Riusciva appena a sentire la voce. Mani gentili ma ferme gli afferrarono i polsi, ma lui le respinse lottando. E, poi, la follia cessò. Le acque buie e spaventose nelle quali stava affogando retrocessero, lasciandolo calmo e prosciugato. Ancora una volta poteva vedere, sentire e ascoltare. Il volto gli bruciava. Abbassando lo sguardo, vide sangue sulle proprie unghie.

«Raistlin!» Era la voce di Crysania. Sollevò lo sguardo e la vide dritta davanti a lui che gli teneva le mani scostate dal viso. Lo fissava con occhi sgranati, pieni di preoccupazione.

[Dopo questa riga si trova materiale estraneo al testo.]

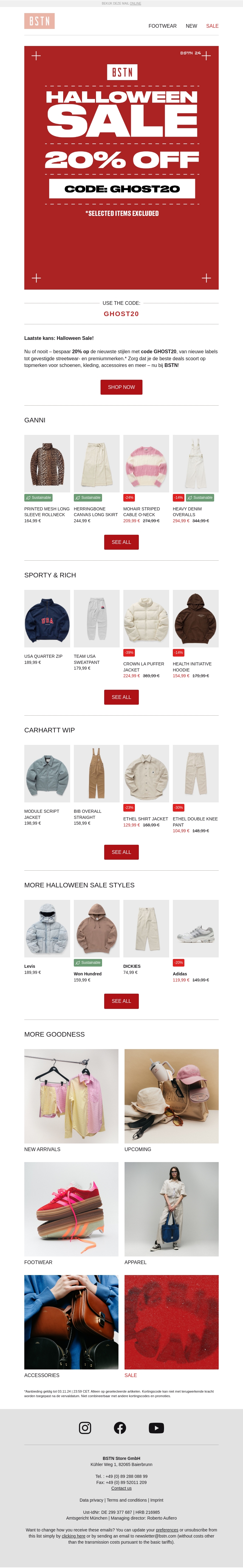 Grijp je kans op de laatste dag van de spectaculaire Halloween Sale met een korting van 20% op geselecteerde topmerken! Gebruik de code GHOST20. Mis deze kans niet om je favoriete items in te slaan met een geweldige korting. Bekijk het assortiment van merken als GANNI, Sporty & Rich, en Carhartt WIP. Een geweldige kans om je garderobe bij te werken. Shop voordat de voorraad op is!

«Sto bene,» disse Raistlin, in tono gelido. «Lasciami solo!» Ma, proprio mentre parlava, sospirò e tornò ad abbassare la testa, rabbrividendo quando l’orrore del sogno lo investì. Tirò fuori un fazzoletto pulito dalla tasca e cominciò a detergersi le ferite sul viso.

«No, non è vero,» mormorò Crysania, togliendogli il fazzoletto dalla mano tremante e toccandogli con delicatezza quei tagli sanguinanti. «Per favore, lasciamelo fare,» disse, mentre Raistlin ringhiava qualcosa d’inintelligibile. «So che non mi permetterai di guarirti, ma qui vicino c’è un limpido ruscello. Vieni, e bevi un po’ d’acqua, riposati e lascia che ti lavi io le ferite.»

Parole amare e taglienti erano sulle labbra di Raistlin. Sollevò una mano per respingerla. Ma poi si rese conto di non volere che lei se ne andasse. Quando Crysania era con lui, la tenebra del sogno si allontanava. Il tocco della calda pelle umana era confortante dopo le dita gelide della morte.